MindFormers provides **WikiText2** as the pretraining dataset and **alpaca** as the fine-tuning dataset.

| Dataset    |                 Applicable Model                 |   Applicable Phase   |              Download Link     |
|:----------|:-------------------------------------:|:---------:| :--------------------------------------------------------------------------------------------------------------------------------------------------------------: |
| alpaca    | Llama2-7B<br>Llama2-13B<br>Llama2-70B |    Fine-tuning    |                   [Link](https://github.com/tatsu-lab/stanford_alpaca/blob/main/alpaca_data.json)                   |

The following uses the alpaca dataset as an example. After downloading the dataset, you need to preprocess it. For details about how to download the `tokenizer.model` used in preprocessing, see the model weight download.

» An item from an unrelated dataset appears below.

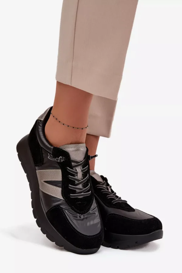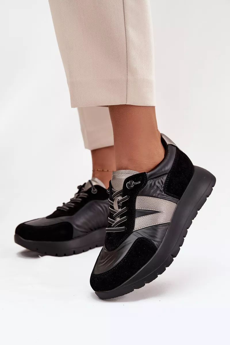 Sieviešu sporta apavi Vinceza. Izgatavoti no videi draudzīgas ādas, videi draudzīga zamšāda un gluda tekstilmateriāla kombinācijas, tie izskatās ļoti moderni un piesaista uzmanību ar interesanto tekstūru kombināciju. Uz platformas, tie piešķir dažus centimetrus jūsu augumam, vienlaikus saglabājot komfortu ikdienas valkāšanai. Šim modelim ir elastīgas auklas, kas imitē šņores. Ādas zole nodrošina lielisku komfortu un ērtības valkāšanā. Šie sporta apavi ir ideāli piemēroti gan ikdienas stilam, gan sportiskākam izskatam, piešķirot tiem raksturu un svaigumu. Lūdzu, izvēloties savu izmēru, skatieties izmēru tabulu. Lūdzu, izvēloties savu izmēru, skatieties izmēru tabulu.
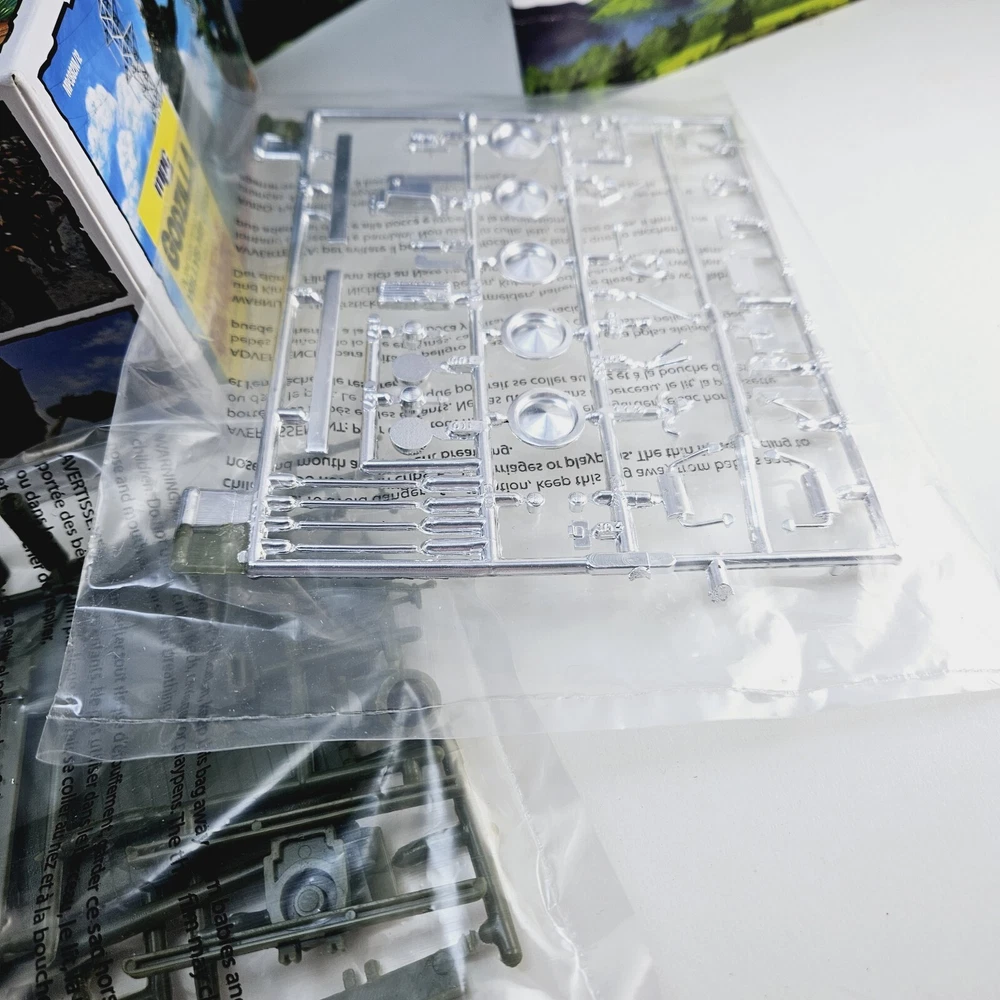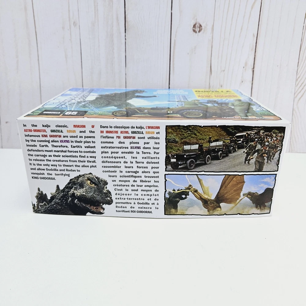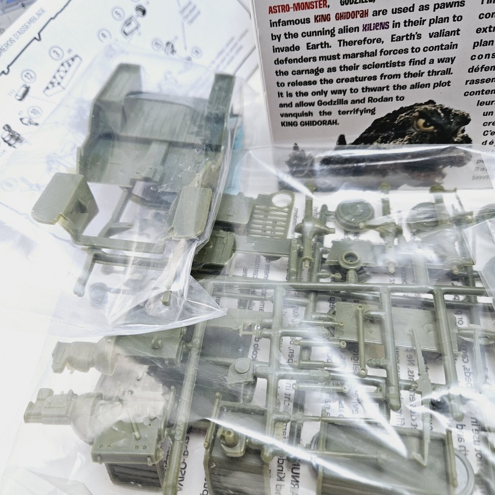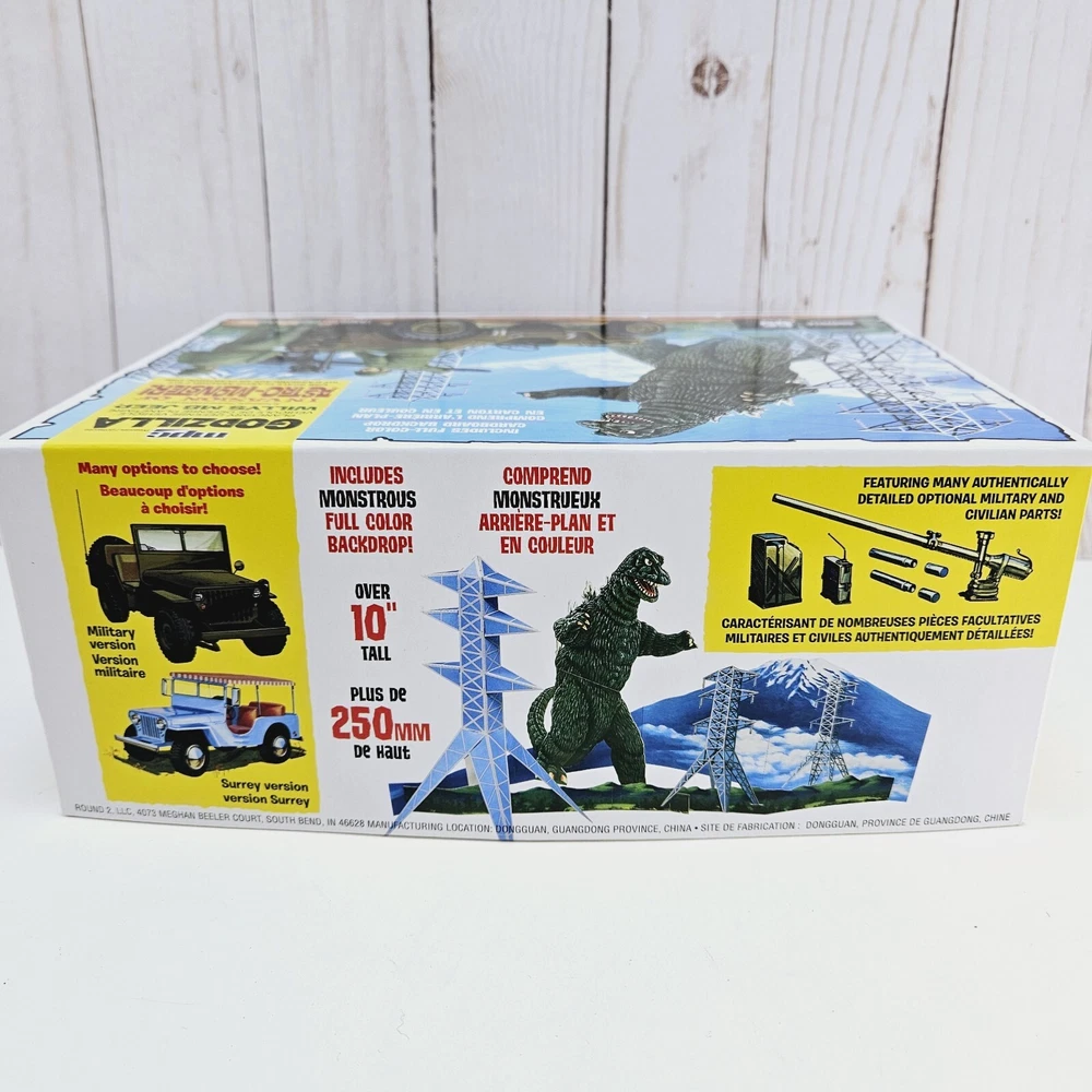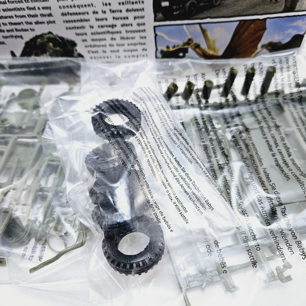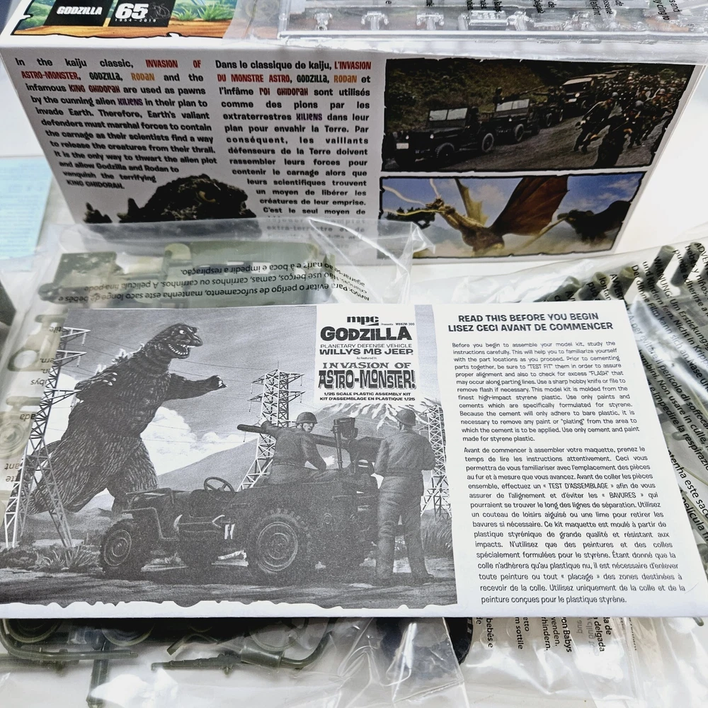 New open box complete model kit that includes a cardboard cutout backdrop with the planetary defense vehicle willys mb jeep plastic unassembled model....

**alpaca Data Preprocessing**

1. Run the [alpaca_converter.py script](https://gitee.com/mindspore/mindformers/blob/r1.3.0/mindformers/tools/dataset_preprocess/llama/alpaca_converter.py) in MindFormers to convert the dataset into the multi-round dialog format.

    ```bash
    python alpaca_converter.py \
      --data_path /{path}/alpaca_data.json \
      --output_path /{path}/alpaca-data-conversation.json
    ```

    Parameters:

    ```commandline
    data_path:   path of the file to be downloaded.
    output_path: path for storing output files.
    ```

2. Run the [llama_preprocess.py script](https://gitee.com/mindspore/mindformers/blob/r1.3.0/mindformers/tools/dataset_preprocess/llama/llama_preprocess.py) in MindFormers to convert the data into the MindRecord format. This operation depends on the fastchat tool package to parse the prompt template. You need to install fastchat 0.2.13 or later in advance.

    ```bash
    python llama_preprocess.py \
      --dataset_type qa \
      --input_glob /{path}/alpaca-data-conversation.json \
      --model_file /{path}/tokenizer.model \
      --seq_length 4096 \
      --output_file /{path}/alpaca-fastchat4096.mindrecord
    ```

    Parameters:

    ```commandline
    dataset_type: type of the data to be preprocessed.
    input_glob:   path of the converted alpaca file.
    model_file:   path of the tokenizer.model file.
    seq_length:   sequence length of the output data.
    output_file:  path for storing output files.
    ```

### Performing a Fine-tuning Task

#### Single-Node Training

Take Llama2-7B as an example. Run the startup script **msrun** to perform 8-device distributed training. The startup command is as follows:

```bash
bash scripts/msrun_launcher.sh "run_mindformer.py \
 --config configs/llama2/finetune_llama2_7b.yaml \
 --load_checkpoint /{path}/llama2_7b.ckpt \
 --train_dataset_dir /{path}/alpaca-fastchat4096.mindrecord \
 --use_parallel True \
 --run_mode finetune" 8
```

Parameters:

```commandline
config:            model configuration file, which is stored in the config directory of the MindFormers code repository.
load_checkpoint:   path of the checkpoint file.
train_dataset_dir: path of the training dataset.
use_parallel:      specifies whether to enable parallelism.
run_mode:          running mode. The value can be train, finetune, or predict (inference).
```

After the task is executed, the **checkpoint** folder is generated in the **mindformers/output** directory, and the model file is saved in this folder.

#### Multi-Node Training

The multi-node multi-device fine-tuning task is similar to the pretrained task. You can refer to the multi-node multi-device pretraining command and modify the command as follows:

1. Add the input parameter `--load_checkpoint /{path}/llama2_7b.ckpt` to the startup script to load the pretrained weights.
2. Set `--train_dataset_dir /{path}/alpaca-fastchat4096.mindrecord` in the startup script to load the fine-tuning dataset.
3. Set `--run_mode finetune` in the startup script. **run_mode** indicates the running mode, whose value can be **train**, **finetune**, or **predict** (inference).

After the task is executed, the **checkpoint** folder is generated in the **mindformers/output** directory, and the model file is saved in this folder.